The whole file is ~250 LOC of standard POSIX. No third-party
dependencies, no `#ifdef` gymnastics — `tcgetattr` / `tcsetattr` /
`ioctl(TIOCGWINSZ)` / `read(2)` are stable since the 1980s and behave
the same on macOS, Linux, and BSD.
## Verifying hostile conditions
The automated test suite covers the non-tty path (`Termios.open/0`
returns `{:error, :no_tty}` cleanly). Everything else requires a real
terminal and gets verified manually. Walk through these any time you
touch the NIF, the Reader, or the Keeper:
1. **Clean quit.** Run `./scripts/run.sh contacts`. Press Tab to verify
focus cycling. Press `q` (or Ctrl+C). Confirm: the terminal returns
to a usable shell prompt with echo working — no need to `stty sane`
manually.
2. **Crash mid-session.** While the demo is running, in another shell
tab: `pkill -9 beam.smp` (targeting the demo's PID, not other
BEAMs). The terminal will be left in raw mode because no graceful
shutdown ran. Confirm: `stty sane` from that terminal restores
it — i.e., the kernel-level state is still well-formed and not
corrupted.
3. **Terminal close (EOF).** Run the demo, then close the terminal
window directly (Cmd+W). The `read(2)` returns 0; Reader sends
`{:harlock_tty_lost, :eof}` and stops; supervisor tears down the
tree. No orphaned BEAM processes — verify with `pgrep beam.smp`.
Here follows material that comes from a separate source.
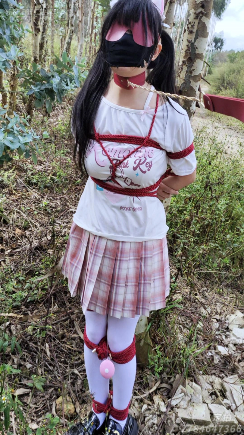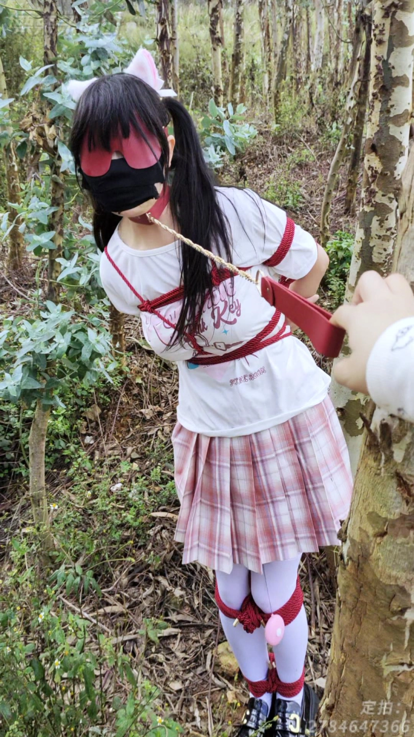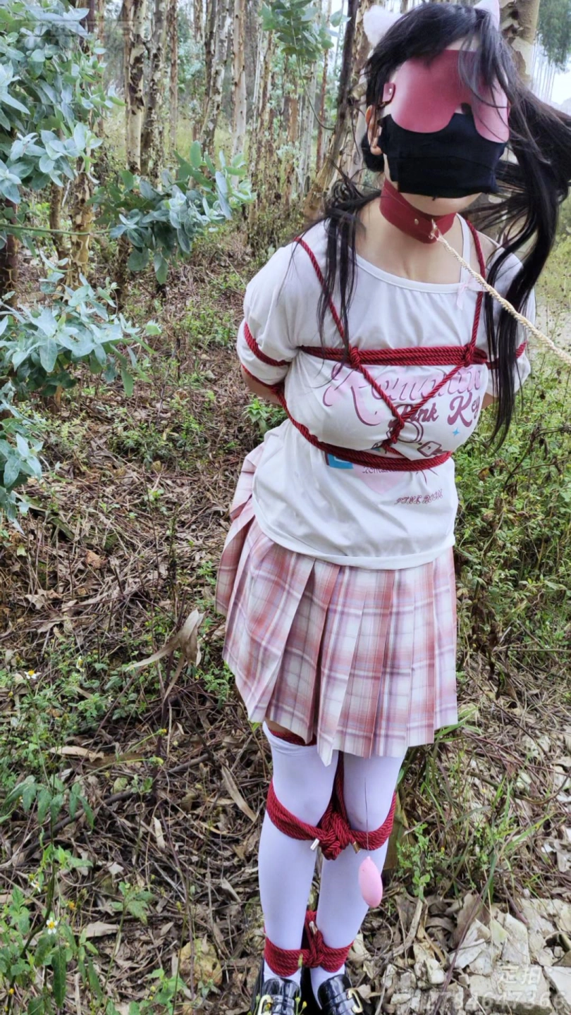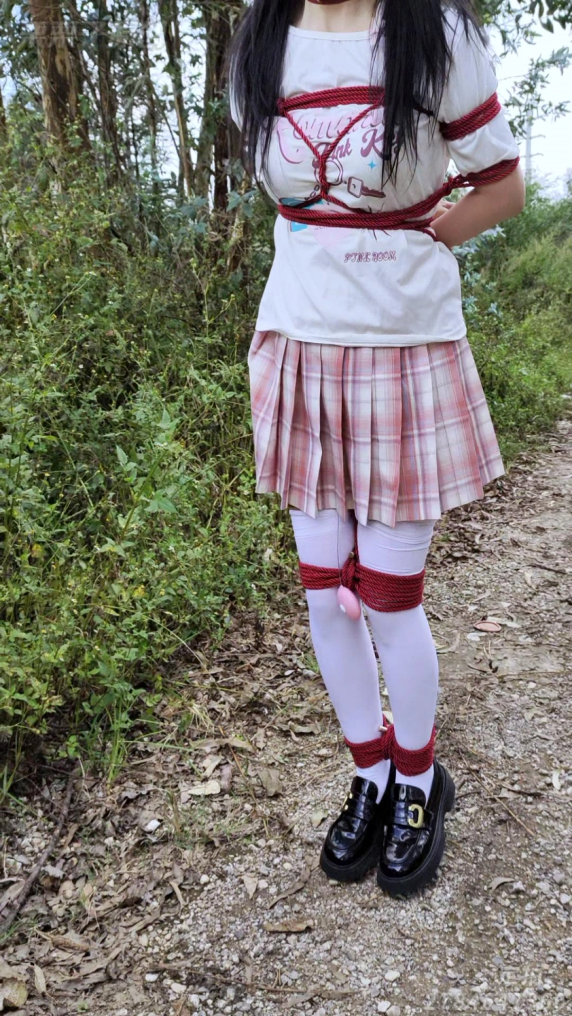 被控制的小M,被捆上双手和双腿,塞上快乐蛋带到小树林,让她在被快乐蛋折磨到腿软,随时都会被发现的风险下,让小M不停跳跳跳,让她求饶……

4. **Resize.** Run the demo, drag the window edge to change size.
SIGWINCH fires, Keeper queries TIOCGWINSZ via the NIF, sends
`{:harlock_resize, rows, cols}` to the runtime, and the next frame
redraws at the new size.
If any of these fail, the failure is the bug. Don't ship workarounds
in the demo — fix it in the framework.